→ Activity: Without including any pictures, reproduce the full listing exactly.

→ Data block:
____

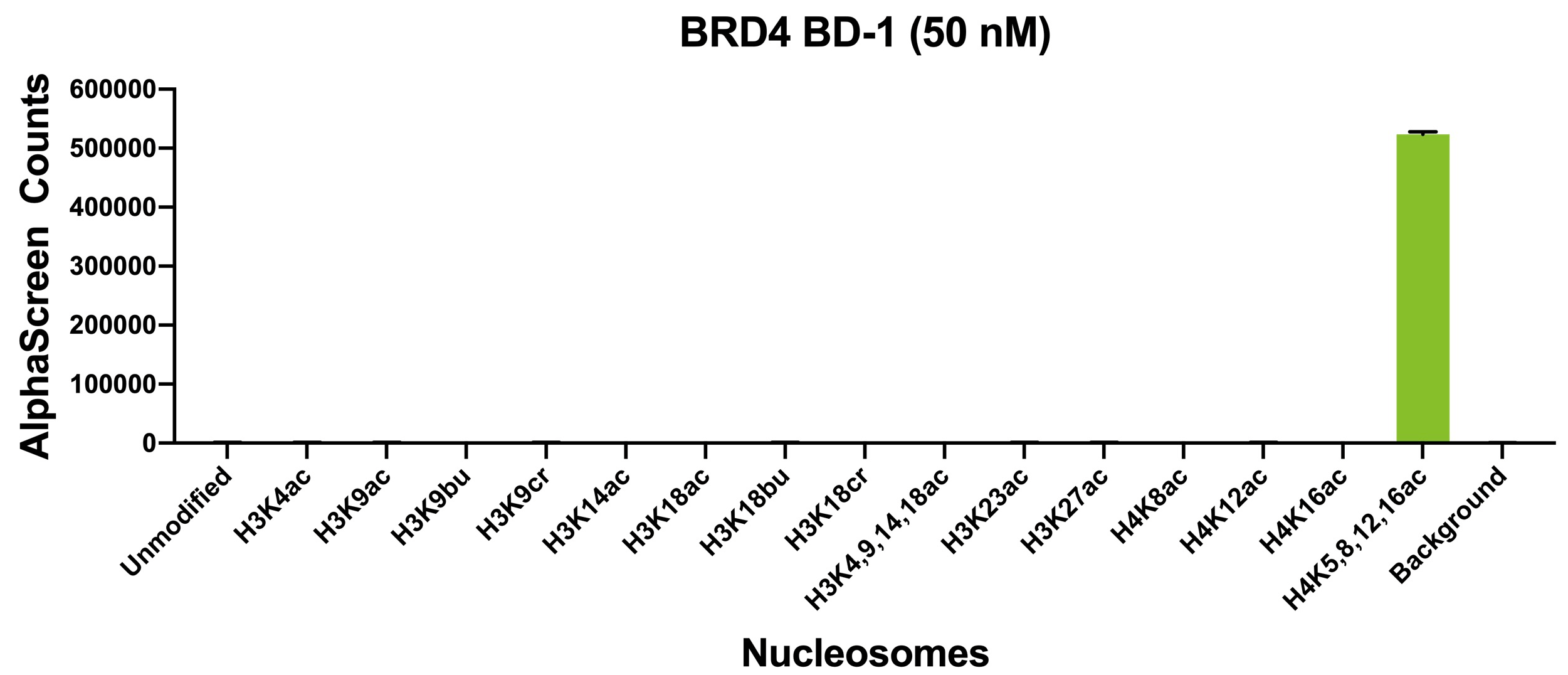 Applications : | The access to epigenetic diversity in a physiological nucleosome context enables broad end-user applications, including nucleosome binding studies (e.g. chromatin reader binding preferences, see application data below for example using BRD4 BD-1), enzyme screening assays (e.g. identification of preferred substrates), and antibody specificity testing (e.g. for applications that require antibody specificity in a nucleosome, rather than histone peptide context). The biotin group on the DNA facilitates pull-down experiments. Mononucleosomes do not contain free DNA which could alter assayed activities. |
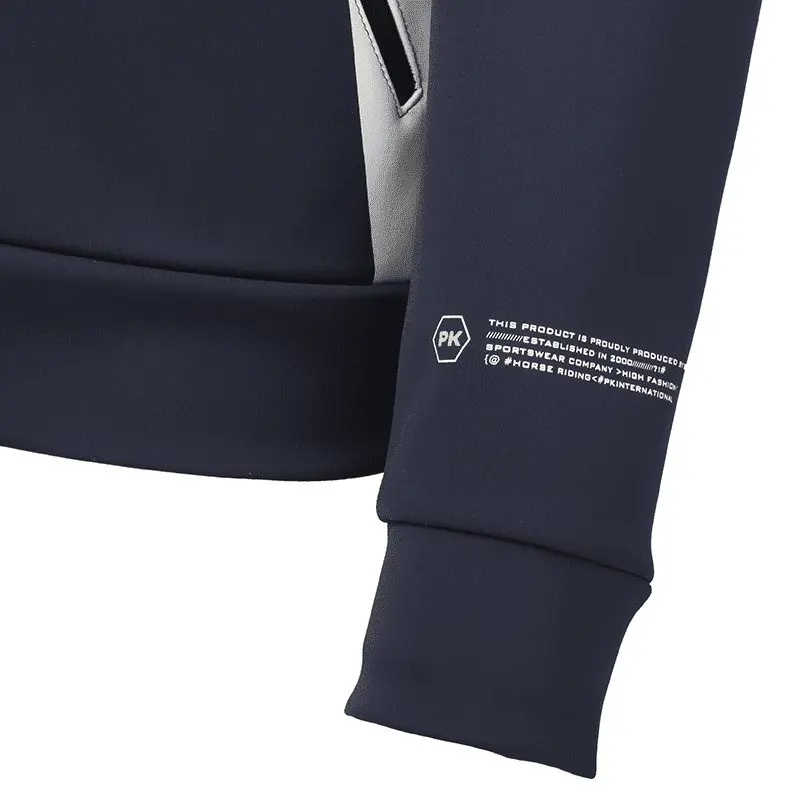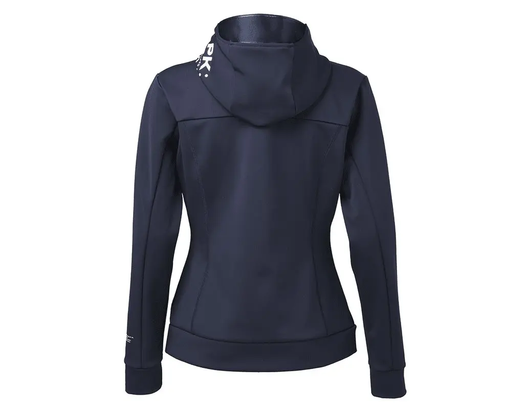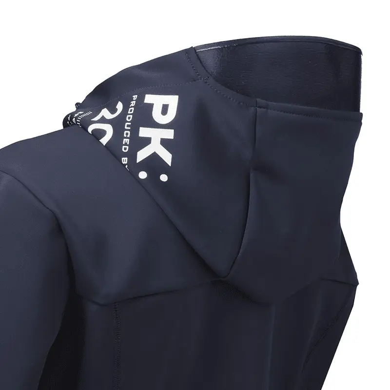 Sportieve softshell, voorzien van capuchon met frisse print, welke vastgezet kan worden met een press button. Aan de voorzijde heeft dit jack 2 rits zakken en flitsende witte strepen.
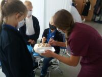 Rugsėjo 14 d. Panevėžio kolegijos Praktinio mokymo centro Burnos priežiūros laboratorijoje vyko mokslo festivalio „Erdvėlaivis Žemė 2021“ užsiėmimas „Penki žingsniai iki sveikų dantų“. Renginyje dalyvavo Panevėžio „Vilties“ progimnazijos antros klasės mokiniai, vadovaujami mokytojos Astos Sakalienės. Užsiėmimą vedė Panevėžio kolegijos lektorė Rima Adomaitienė, o jai padėjo antro kurso burnos higienos studijų programos studentės Airida Mikalauskaitė, Silvija Martyšiūtė, Marija Stanaitytė, Lina Sofija Dluskutė ir Vaiva Virbalaitė.

____

→ Result of the exercise:
 Applications : | The access to epigenetic diversity in a physiological nucleosome context enables broad end-user applications, including nucleosome binding studies (e.g. chromatin reader binding preferences, see application data below for example using BRD4 BD-1), enzyme screening assays (e.g. identification of preferred substrates), and antibody specificity testing (e.g. for applications that require antibody specificity in a nucleosome, rather than histone peptide context). The biotin group on the DNA facilitates pull-down experiments. Mononucleosomes do not contain free DNA which could alter assayed activities. |
 Sportieve softshell, voorzien van capuchon met frisse print, welke vastgezet kan worden met een press button. Aan de voorzijde heeft dit jack 2 rits zakken en flitsende witte strepen.
 Rugsėjo 14 d. Panevėžio kolegijos Praktinio mokymo centro Burnos priežiūros laboratorijoje vyko mokslo festivalio „Erdvėlaivis Žemė 2021“ užsiėmimas „Penki žingsniai iki sveikų dantų“. Renginyje dalyvavo Panevėžio „Vilties“ progimnazijos antros klasės mokiniai, vadovaujami mokytojos Astos Sakalienės. Užsiėmimą vedė Panevėžio kolegijos lektorė Rima Adomaitienė, o jai padėjo antro kurso burnos higienos studijų programos studentės Airida Mikalauskaitė, Silvija Martyšiūtė, Marija Stanaitytė, Lina Sofija Dluskutė ir Vaiva Virbalaitė.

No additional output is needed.